МИСТИКА, ИДЕАЛЫ И ПОЭЗИЯ РУССКОГО САМОДЕРЖАВИЯ
Глава I
Мистика русского самодержавия
Мистический элемент в науке, искусстве и истории. — Четверостишие Тютчева и его разбор. — Слова Штрауса. — Кажущаяся парадоксальность монархических начал. — Мистика русского самодержавия в связи с его религиозными основами.
Все, все великое, священное земли имеет мистическую сторону. Мистика составляет принадлежность не только каждой религии, не только таинств, но и науки. Пытливая мысль человека, старающаяся разрешить все «проклятые вопросы», в конце концов неминуемо приходит к вопросу о начале всех начал, к задаче, которая не дается ни умозрительному, ни опытному знанию. Огюст Конт верно подметил, что законы естествознания объясняют только, как происходят те или другие явления, но они не объясняют, почему эти явления происходят так, а не иначе. Таким образом, и у естествознания есть своя мистика — тем более она есть в искусстве. Пушкин в целом ряде стихотворений выразил удивление перед творческой силой, орудием которой он себя считал. Называя вдохновение священной жертвой, а себя избранником Неба, он прибегал не к риторическим прикрасам, а выражал свое убеждение. Творчество представлялось Пушкину чем-то мистическим. Чарскому, пораженному импровизацией заезжего итальянца, тот говорит: «Всякий талант неизъясним. Каким образом ваятель в куске каррарского мрамора видит сокрытого Юпитера и выводит его на свет резцом и молотом, раздробляя его оболочку?

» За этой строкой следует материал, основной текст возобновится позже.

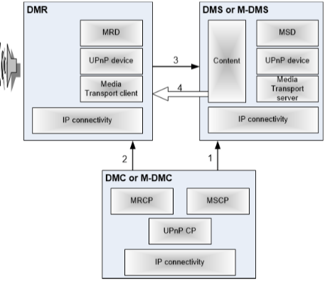 M-DMS/DMS: 媒体源,如:手机,MP3,流媒体服务器.
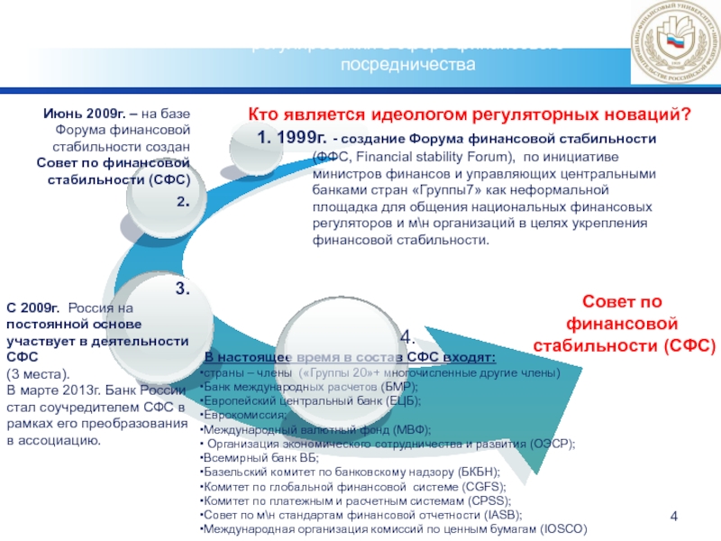 1. 1999г. - создание Форума финансовой стабильности (ФФС, Financial stability Forum), по инициативе министров финансов и управляющих центральными банками стран «Группы7» как неформальной площадка для общения национальных финансовых регуляторов и м\н организаций в целях укрепления финансовой стабильности.

Почему мысль из головы поэта выходит уже вооруженная четырьмя рифмами, размеренная стройными, однообразными стопами? Никто, кроме самого импровизатора, не может понять эту быстроту впечатлений, эту тесную связь между собственным вдохновением и чуждой внешней волей; тщетно я сам захотел бы это разъяснить». Нечто подобное можно сказать об исторических событиях и о государственных учреждениях. История есть своего рода теофания. В судьбах народов сказывается воля и цели Провидения. Слова Гамлета: «Есть Божество, ведущее нас к цели» — с полным основанием можно применить к истории. Цель, к которой ведет Бог Россию и все человечество, неизвестна. История, если смотреть на нее без материалистических предрассудков, окажется исполненной мистики. Много мистического и в нашем самодержавии.
Известно четверостишие Тютчева:
Умом России не понять,
Аршином общим не измерить:
У ней особенная стать —
В Россию можно только верить.
В этом глубоком по мысли четверостишии наряду с правдой есть и некоторая односторонность. Россию, конечно, вполне могут понимать только русские люди, живущие ее горем и радостями. Но мы, русские люди, должны не только понимать свою родину, но и верить в нее; однако из этого не следует, что в нее можно только верить. В Россию должны были только верить наши предки, пока еще не существовало русской исторической науки, пока еще не существовало русского самосознания, возведенного в систему. Но во времена Тютчева в Россию уже можно было не только верить, но и обосновать веру в нее на твердых научно-философских данных и обобщениях. Тем более в наше время русское национальное самосознание должно опираться не на одну веру в великое будущее нашей родины, но и на ясное понимание как ее минувших судеб, так и ее особенностей. Тем не менее и теперь можно сказать, что
Умом России не понять,
Аршином общим не измерить…
Дело в том, что одним умом России нельзя понять. Россия представляет такое колоссальное явление, что для всестороннего уразумения ее мало ума и науки, а нужно и искусство и воображение. Вера в Россию, как и любовь к ней, должны и могут быть основаны на разумных основаниях, но они находят у каждого русского опору и в безотчетном, инстинктивном чувстве, опоэтизированном нашими писателями, художниками, композиторами, живописцами, ваятелями, зодчими и т. д.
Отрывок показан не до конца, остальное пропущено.